Your objective
Output exactly, and only, the lines below from the one with "광장일보 주재영 기자" down to the one with "- überdachte Sitzecke". Include both end lines and no pictures.

Dataset
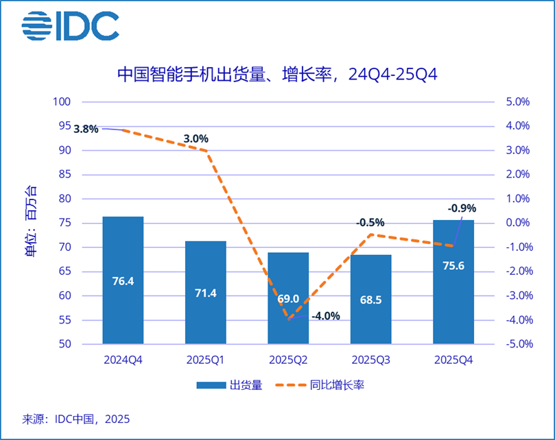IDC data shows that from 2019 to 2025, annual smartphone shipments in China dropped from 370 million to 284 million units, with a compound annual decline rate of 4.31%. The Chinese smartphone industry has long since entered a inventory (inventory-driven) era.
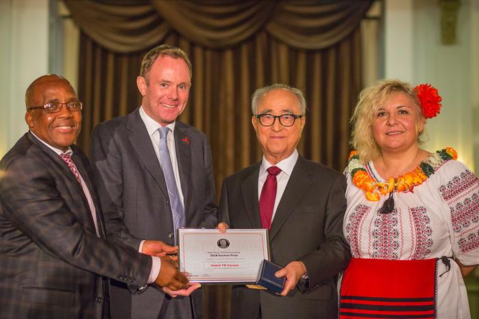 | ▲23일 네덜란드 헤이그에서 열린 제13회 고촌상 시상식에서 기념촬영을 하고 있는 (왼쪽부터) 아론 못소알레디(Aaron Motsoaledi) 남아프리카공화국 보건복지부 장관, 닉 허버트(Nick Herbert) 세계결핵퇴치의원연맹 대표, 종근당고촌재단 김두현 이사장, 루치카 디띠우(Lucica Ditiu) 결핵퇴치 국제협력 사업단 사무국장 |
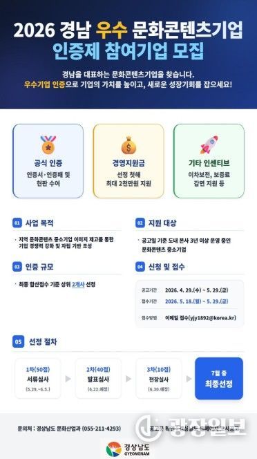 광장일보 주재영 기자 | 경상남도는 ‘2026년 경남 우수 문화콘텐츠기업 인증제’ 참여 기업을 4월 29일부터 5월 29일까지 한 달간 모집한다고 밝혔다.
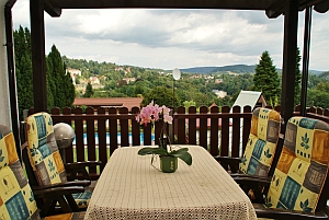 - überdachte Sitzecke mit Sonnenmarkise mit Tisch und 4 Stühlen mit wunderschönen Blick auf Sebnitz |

--

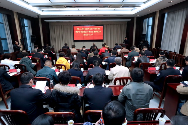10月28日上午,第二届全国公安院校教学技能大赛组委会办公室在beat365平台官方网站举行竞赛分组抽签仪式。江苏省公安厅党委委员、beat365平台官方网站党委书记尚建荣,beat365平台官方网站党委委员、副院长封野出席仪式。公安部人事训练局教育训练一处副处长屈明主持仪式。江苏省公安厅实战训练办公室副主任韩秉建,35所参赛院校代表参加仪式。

==

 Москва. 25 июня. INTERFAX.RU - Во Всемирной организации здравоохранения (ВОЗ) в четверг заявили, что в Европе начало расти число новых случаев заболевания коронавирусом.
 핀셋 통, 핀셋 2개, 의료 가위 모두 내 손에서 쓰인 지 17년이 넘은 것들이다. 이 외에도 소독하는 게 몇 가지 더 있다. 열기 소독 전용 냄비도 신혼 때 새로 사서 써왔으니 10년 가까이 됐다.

Finished task
 광장일보 주재영 기자 | 경상남도는 ‘2026년 경남 우수 문화콘텐츠기업 인증제’ 참여 기업을 4월 29일부터 5월 29일까지 한 달간 모집한다고 밝혔다.
 - überdachte Sitzecke mit Sonnenmarkise mit Tisch und 4 Stühlen mit wunderschönen Blick auf Sebnitz |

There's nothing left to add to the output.